As well as considering the techniques and practice of spatial data analysis critically, there is a need for a critical consideration of the assumptions currently surrounding (spatial) data science. Kitchin (2014), for example, challenges the notion of Big Data and data science as objective and supporting all-encompassing analyses (Iliadis and Russo 2016) and instead promotes the idea of critical data studies (CDS) (Kitchin and Lauriault 2014). CDS encourages us to consider the common good and social contexts (Iliadis and Russo 2016) as an important consideration within the practice of Big Data and data science and extending this to take critical views on the technical aspects of the data analysis. Quoting O’Neil and Schutt (2014) ‘We’d like to encourage the next-gen data scientists to become problem solvers and question askers, to think deeply about appropriate design and process, and to use data responsibly and make the world better, not worse’. A core concern relates to the wider implications of misinterpreting the inferential and predictive models ‘Even if you are honestly skeptical of your model, there is always the chance that it will be used the wrong way in spite of your warnings’ (O’Neil and Schutt 2014, p. 354). Extending these to the geographic domain is to consider the spatial design and spatial scale of process and how the caveats associated with spatial uncertainties (Kedron et al. 2019) should be included with spatial outputs.

Concluding remarks

An increasing amount of data is being generated and therefore available for statistical analysis. Data typically have some spatial or locational attribute rendering them suitable for spatial manipulations either to summarise them over different geographies (such as census areas, administrative areas, 5 km grids), or to combine them with other spatial data. Choices made about how this is done will result in very different outcomes as illustrated by the house price example above.

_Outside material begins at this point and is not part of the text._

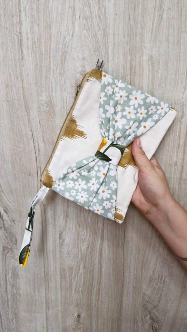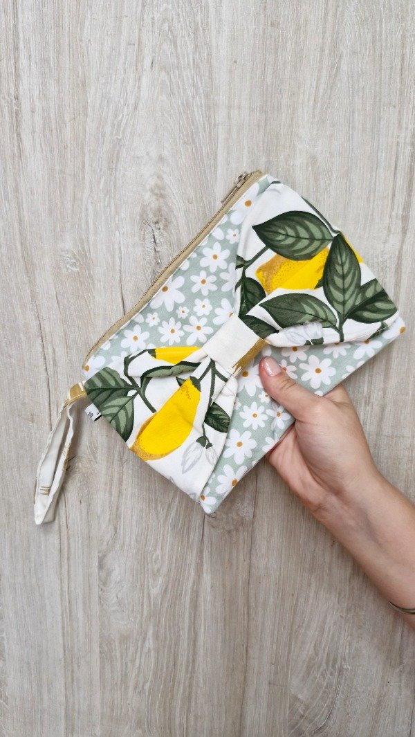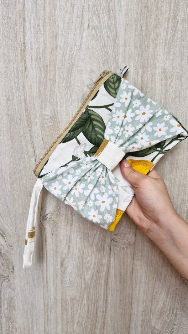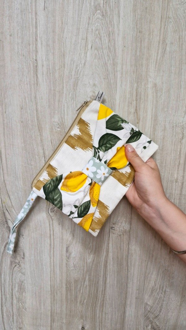 Neceser ideal para llevar cosas pequeñas en tu cartera y que no se pierdan! Con cierre, manija y moño que es un amor. Son todos diferentes. Medidas aproximadas 21 cm x 16 cm

Further considerations related to the need for openness, transparency and reproducibility in spatial analyses arise because of the ease with which it can be undertaken. Tools and skills for spatial analysis of spatial data are no longer the preserve of geographers. Many disciplines now routinely use some kind of spatial analysis or GIS-related functionality, and spatial or statistical analyses can be trivially applied, supported by the increased spatial functionality in R and RStudio and other high level programming environments, but also evident in the continued development of the QGIS project (software, training materials but little theory). However, this only increases the potential for naive and potentially incorrect spatial analyses of the kind set out here. Thus, rather than asserting that \(n = {\text{all}}\), if we were to provide a dictum mixing words and equations, we suggest:

$${\text{Spatial}}\;{\text{data}} + {\text{Spatial}}\;{\text{analysis}}{-}{\text{Critical}}\;{\text{spatial}}\;{\text{understanding}} = {\text{Misinformed}}\;{\text{decision Making}}$$

Thus, there are a number of issues that should be prominent when working with spatial data and Big (spatial) Data more generally that should be part of a critical approach to data analysis and an awareness of the practical considerations of working with spatial data. These are promoted by adopting a culture of openness and reproducibility, within which any data analysis is open to review, comment, suggestion, criticisms and in many cases revision. Thus, sharing code, using repositories, writing open code libraries and tools provide a set of rubrics for transparent and reproducible research. Many of these issues are generally applicable to data analytics, but some are deeply grounded in spatial data and spatial analysis, and the importance of the latter will only increase as data become ubiquitously spatial. Openness, transparency, sharing and reproducibility provide a mantra for defensible and robust spatial data science.